C++ libraries become bottlenecks: Ripple and AWS leverage Bedrock to optimize XRP Ledger

XRP Ledger is facing a major technical challenge—massive logs generated from C++ libraries make analysis and troubleshooting take days. To address this, Ripple and Amazon Web Services have partnered to explore how Amazon Bedrock, a powerful AI platform, can reduce review times from several days to just 2-3 minutes. This is a pioneering step in using AI to optimize layer-1 blockchain operations without altering the core consensus mechanism.

Challenges from Large C++ Libraries on XRPL

XRP Ledger operates as a decentralized network with over 900 nodes distributed across universities and businesses worldwide. This ledger is built on high-level C++ libraries, a logical choice for achieving high throughput and performance. However, this decision also results in each node generating about 30-50 GB of logs daily, totaling approximately 2-2.5 PB of log data across the network.

A bigger issue is the complexity of the C++ libraries. When failures or anomalies occur, engineers need C++ programming experts to trace each step in the protocol code, understand the context of each log line, and identify the root cause. This process, combined with the enormous volume of logs, can take 3-7 days, slowing response times to critical network issues.

Amazon Bedrock: AI Solution for Automated Log Analysis

To overcome this, Ripple collaborated with AWS architect Vijay Rajagopal and his team to explore Amazon Bedrock’s potential. Bedrock acts as a transformation layer—converting raw, opaque logs into searchable, analyzable signals. Instead of requiring a C++ expert to manually analyze each log line, engineers can query Bedrock’s AI models directly to understand XRPL’s behavior.

Internal assessments indicate this approach can cut troubleshooting time from days to just 2-3 minutes. This significant acceleration enables faster responses to potential issues before they impact the network broadly.

AWS Data Pipeline Architecture for Large-Scale XRPL Data Processing

The proposed technical process is divided into two main streams, both orchestrated by AWS services.
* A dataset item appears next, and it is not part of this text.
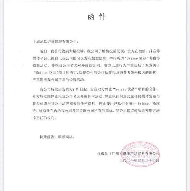 客服的说法也得到了其他人的验证。我在抖音上找到一位跟我一样的受害者,对方提供给我一份盖章的函件,上面称Swisse只是向旭饮的“Swisse饮品”提供原材料,并没有参与任何招商项目,旭饮举行的“Swisse总部考察”等招商活动也没有得到授权。
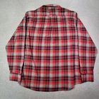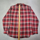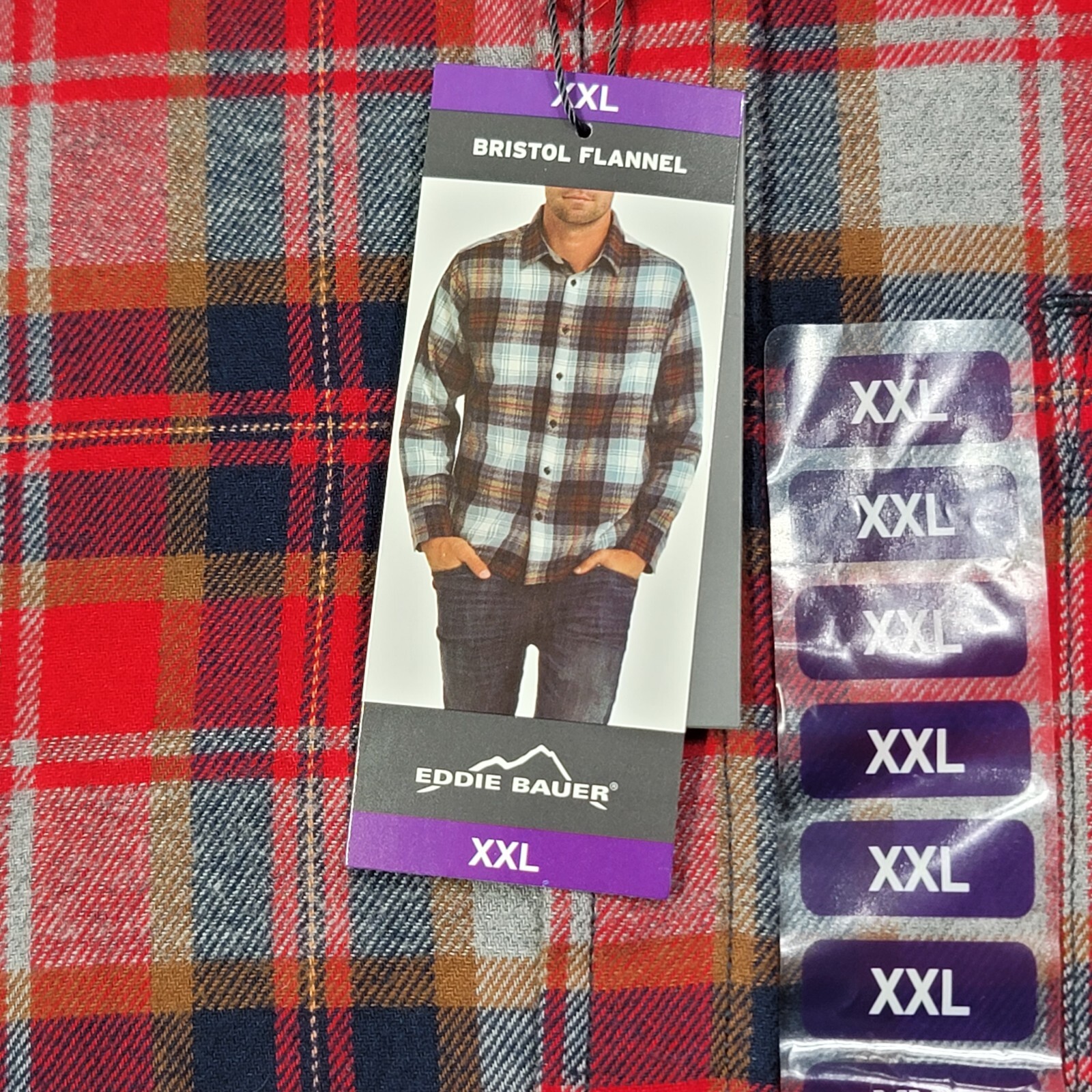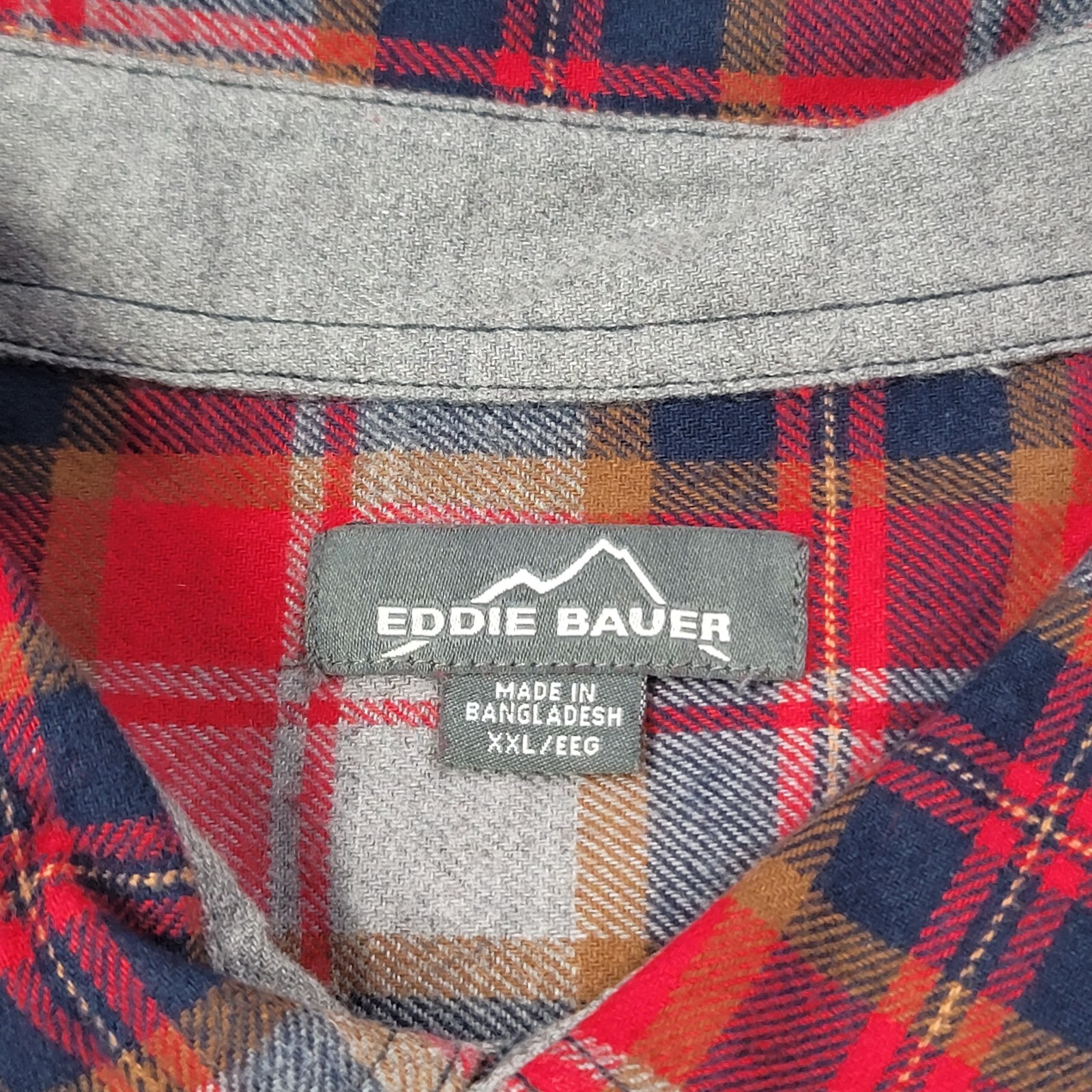 This is a men's Eddie Bauer flannel shirt in size 2XL, featuring a red plaid pattern with a button-up closure and a collared neckline. The shirt has long sleeves and a chest pocket for added convenience. Made of cotton flannel fabric, this shirt has a regular fit and a spread collar style, making it a comfortable and stylish addition to any casual wardrobe.

The first begins when validator node logs are transferred into Amazon S3 via automated tools using GitHub and AWS Systems Manager.

Once logs are uploaded, an event trigger activates AWS Lambda to determine segmentation boundaries for each large log file. The pipeline then pushes segment metadata into Amazon SQS for parallel processing, ensuring optimal speed. A second Lambda function extracts relevant byte ranges from S3, splits log lines, and sends all metadata to CloudWatch for indexing.

This architecture relies on an event-driven model, using EventBridge to coordinate large-scale tasks. This method allows efficient processing of terabytes of log data without manual intervention.

Linking Logs with Source Code and Standards for Rapid Troubleshooting

Log processing is just part of the solution. Simultaneously, AWS is implementing a process to create snapshots of XRPL source code and protocol standards. This workflow monitors Ripple’s main repositories, schedules updates via Amazon EventBridge, and stores versioned snapshots in S3.

A key step is correlation—when an issue occurs, the system combines log signatures with software releases and corresponding protocol specifications. This is crucial because logs alone may not fully explain protocol-specific scenarios. By linking information from logs, server source code, and technical standards, AI agents can map anomalies to precise code paths.

The result is faster, more consistent diagnostic guidance for node operators, helping them handle disruptions or performance degradations more effectively. A real-world example shared is the Red Sea submarine cable failure—when operators in the Asia-Pacific region lost connectivity, analyzing large log files from each node was complex. With Bedrock, this process can be completed in minutes.

Scaling XRPL: Multi-Purpose Tokens and Future Readiness

This work is happening as the XRPL ecosystem develops new features. Ripple recently introduced Multi-Purpose Tokens—more flexible tokens designed to optimize costs and ease tokenization. Additionally, the latest Rippled 3.0.0 release includes important fixes and patches. As the ecosystem expands, the need for rapid monitoring and analysis becomes even more critical.

Furthermore, the proposed XLS-86 Firewall standard (Protocol-Level Firewall) is under development to enhance XRPL’s protocol security.

Current Status: From Research to Practical Deployment

Currently, the collaboration between Ripple and AWS remains in the research and testing phase. No public deployment dates have been announced, and teams are still validating AI model accuracy and data governance. An important factor is the willingness of node operators to share data—some may be reluctant to make logs public for investigation purposes.

Nonetheless, this approach clearly demonstrates that AI and cloud tools can improve blockchain observability without altering XRPL’s core consensus rules. It marks a significant step toward integrating modern technology with decentralized blockchain infrastructure.